[Entries taken from a collection]
-------
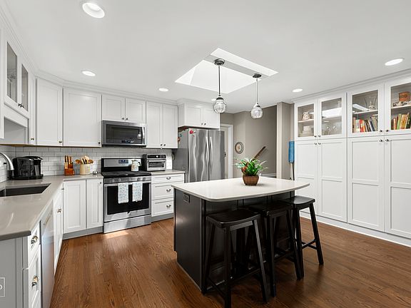 - Features: Kitchen (Eating Area-Breakfast Bar, Island, Custom Cabinetry, SolidSurfaceCounter, Updated Kitchen), Flooring (Hardwood), Window Treatments (Skylight(s))
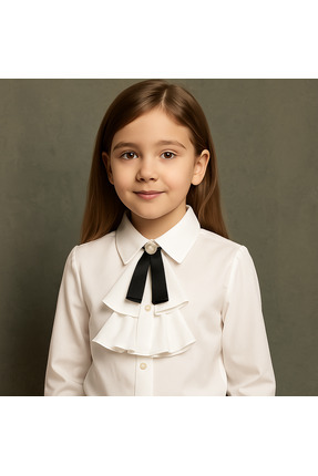 COOLMINIES Kız Çocuk Fisto Detaylı Gömlek, 5-8 Yaş, Kız Çocuk Beyaz Okul Gömleği
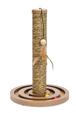 Škrabadlo Brigitte je skvělý kus škrabacího nábytku pro hravé kočky. Do dřevěné základní desky jsou zakomponovány dvě kuličkové dráhy, ve kterých se kočka může pohybovat a pronásledovat dvě barevné dřevěné kuličky. Další dřevěná koule je připevněna na laně v horní části sloupu jako pohyblivá...
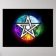 Pentagrama luminoso desenhado artificialmente com cinco elementos mágicos, água, terra, fogo, astral, ar sobre fundo negro. Pentagrama Wiccan. Wicca
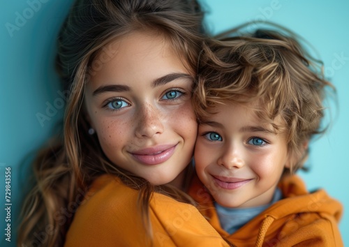 happy fashion caucasian mother wearing bright sweatshirt, lovingly embracing her smiling kid
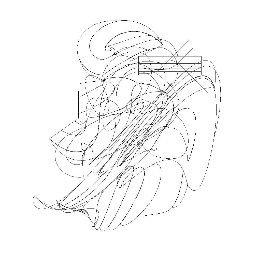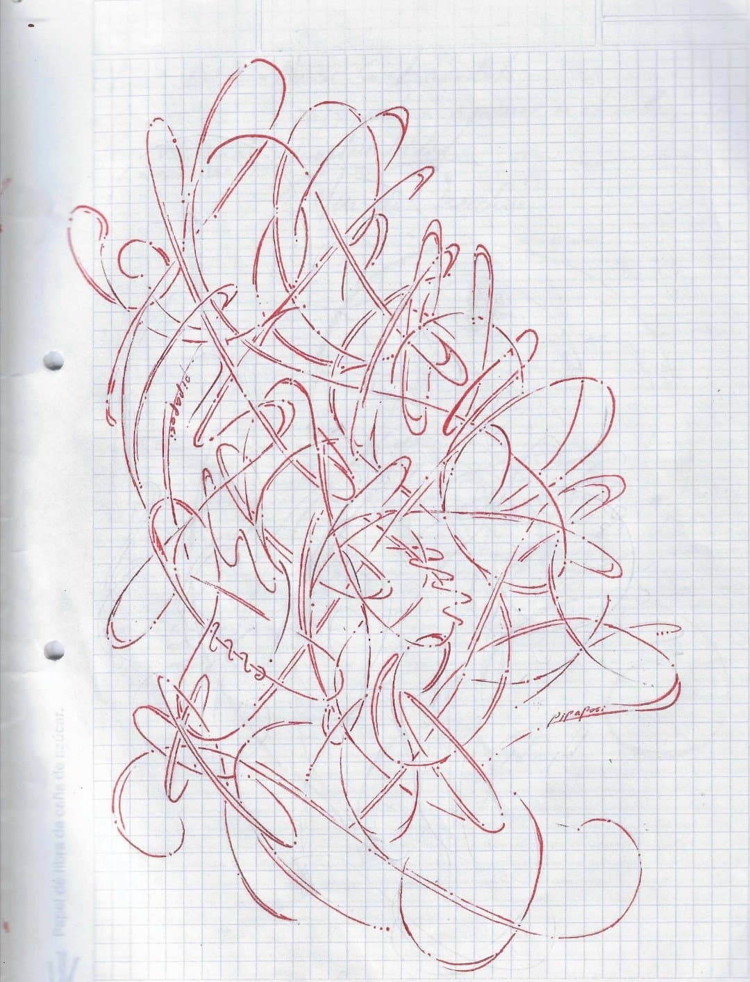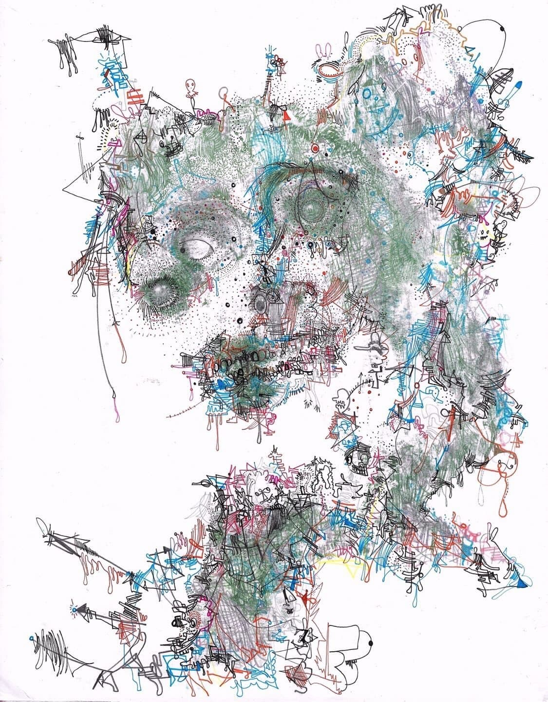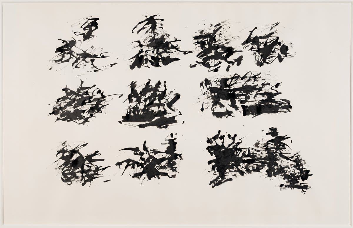 Abstract Drawing of Overlapping Black and Gray Gestural Lines on White Paper
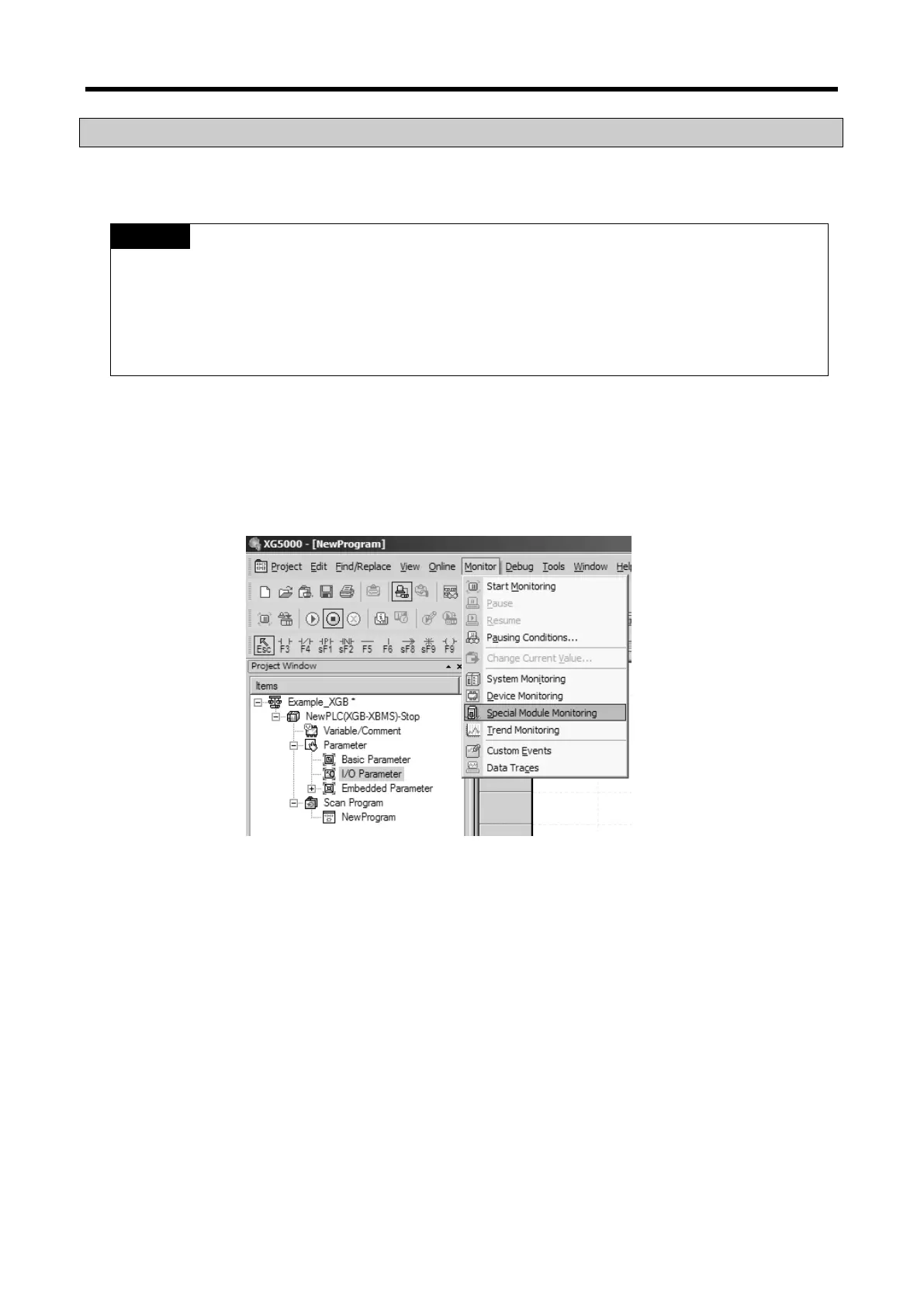 Monitoring]. If the status is not [On-Line], [Special Module Monitoring] menu will not be activated.
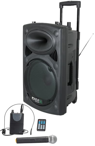 Transportabel høyttaler med 12"" bassenhetMed innebyggd ladbart batteri Enkel transport på trolley-hjul.Fjernkontroll medfølger2 trådløse UHF mikrofoner medfølger.Kan avspille mange formater - bl.a BluetoothLes mer om produktet
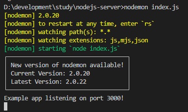 터미널에서 nodemon index.js 명령어를 입력하면 위와 같이 실행이 되고, 이제 번거롭게 서버를 올렸다 내렸다하는 작업을 하지 않아도 됩니다. 또한, -g로 설치 했기 때문에 다른 프로젝트를 새롭게 시작해도 다시 설치하지 않아도 됩니다.
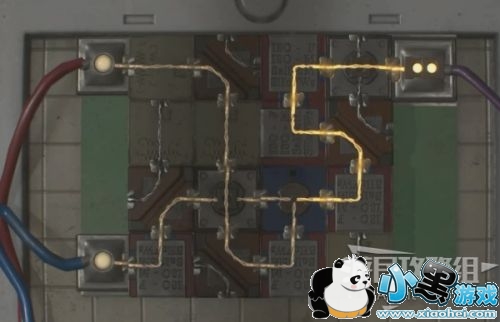 解谜思路是,左边两个黄色点的电力,都要接到右边紫色线上去。那么,两条线必在某处汇到一起,然后最终通往紫色线。那么紫色线这边的路线是可以确定的。
-------
For this answer, return word for word the lines from the first line of the records through the line containing "COOLMINIES Kız Çocuk". Omit the pictures.

Response below:
 - Features: Kitchen (Eating Area-Breakfast Bar, Island, Custom Cabinetry, SolidSurfaceCounter, Updated Kitchen), Flooring (Hardwood), Window Treatments (Skylight(s))
 COOLMINIES Kız Çocuk Fisto Detaylı Gömlek, 5-8 Yaş, Kız Çocuk Beyaz Okul Gömleği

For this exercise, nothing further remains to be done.